I gave up work when I fell pregnant 6 years ago. I now have a boy(5) and girl (2 1/2). Thought I would go back to work. Yeeeha.. Turns out I can't afford to. While complaining to a friend about this, I got this idea. But now I wonder if it's legal, and if there are people who would be interested. Here's the idea. To walk children to school. Parents can drop their children (not more than 2), at my house. I would give them breakfast, and then walk them to school. Collect them afterwards, take them to the park, if weather allows, or just bring them home, feed them, let them play a bit, help with their homework, say until 6pm. I'm not a childminder or nanny, just a mummy. Is this legal? Anyone want to comment? Please?

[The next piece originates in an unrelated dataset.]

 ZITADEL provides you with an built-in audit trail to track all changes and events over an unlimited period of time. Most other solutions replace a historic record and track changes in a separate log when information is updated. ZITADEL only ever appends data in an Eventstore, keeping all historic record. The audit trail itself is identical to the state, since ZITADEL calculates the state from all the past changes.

Insomnia Mon 10-Jan-05 23:30:14

No one? Okay, might as well go to bed then, get up in an hour's time to take DS back to his bed. Get up in another 20 min. to take him back AGAIN. Sleep for 47 min., then take DD back to her bed. Get up at 4am to see why they are still in their own beds....

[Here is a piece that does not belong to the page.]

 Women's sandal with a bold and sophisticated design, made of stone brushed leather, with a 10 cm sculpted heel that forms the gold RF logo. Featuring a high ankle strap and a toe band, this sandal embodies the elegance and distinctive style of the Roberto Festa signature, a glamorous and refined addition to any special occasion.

KatieMac Tue 11-Jan-05 07:34:34

This would be childminding as it is for over 2 hours a day.......any reason why you could be a childminder?

KatieMac Tue 11-Jan-05 07:35:07

couldn't (even)

ssd Tue 11-Jan-05 09:40:42

Yes, as KatieMac says this is basically a childminder.

What you are describing is exactly the job I do and I'm a registered childminder (working part time).

I don't think you could do what you are describing without being registered.

Twiglett Tue 11-Jan-05 09:43:04

you Need to be registered and insured as a childminder

it won't cost you money to register but you will have to do a course (4 days) and have your home checked by Ofsted as well as police records of you and any other adult in the house

You cannot do this without registering unfortunately is illegal as you suspected

KatieMac Tue 11-Jan-05 18:47:23

Childminding might be a great career move for you...there is lots of training available.

Why not think about it?

beachyhead Wed 12-Jan-05 12:20:00

You could do it if you did it in their home - as a part time nanny. I've often thought about having a 'mummy' come to my house to do the pick up school run, help with homework and tea, on the basis that if they had older kids, say teenagers, the teenagers would probably be OK until 6.30 on their own.

Insomnia Wed 12-Jan-05 21:29:57

Aaaw, thanx for all the advice! So... how do I become a childminder? I'm living in a rented 3 -bedroom terraced house with no garden. Will this be a problem, even if only intend to look after 2 children 3 hours per day? Anyone? Katie?

KatieMac Wed 12-Jan-05 22:20:44

Don't worry it's quite straight forward

Contact the Chilodcare Information Service at your local council....they may suggest a taster session.

If you are still interested you will go on to do an Intraducing Childminding Practice course (about 20 hrs) in evenings/weekends - usually. The first aid course (12 hrs - course for children) and a Criminal Bureau Check

This probably won't cost anything - as it's all may even be eligble for a £300 grant (depending on your area)

I Love IT

MrsS99 Sat 02-Apr-05 12:09:47

Can anyone help me with what to say?? Am interviewing an Au-Pair over the phone tomorrow. Have had au-pairs before but they have always been in the country already so have interviewed face to face before.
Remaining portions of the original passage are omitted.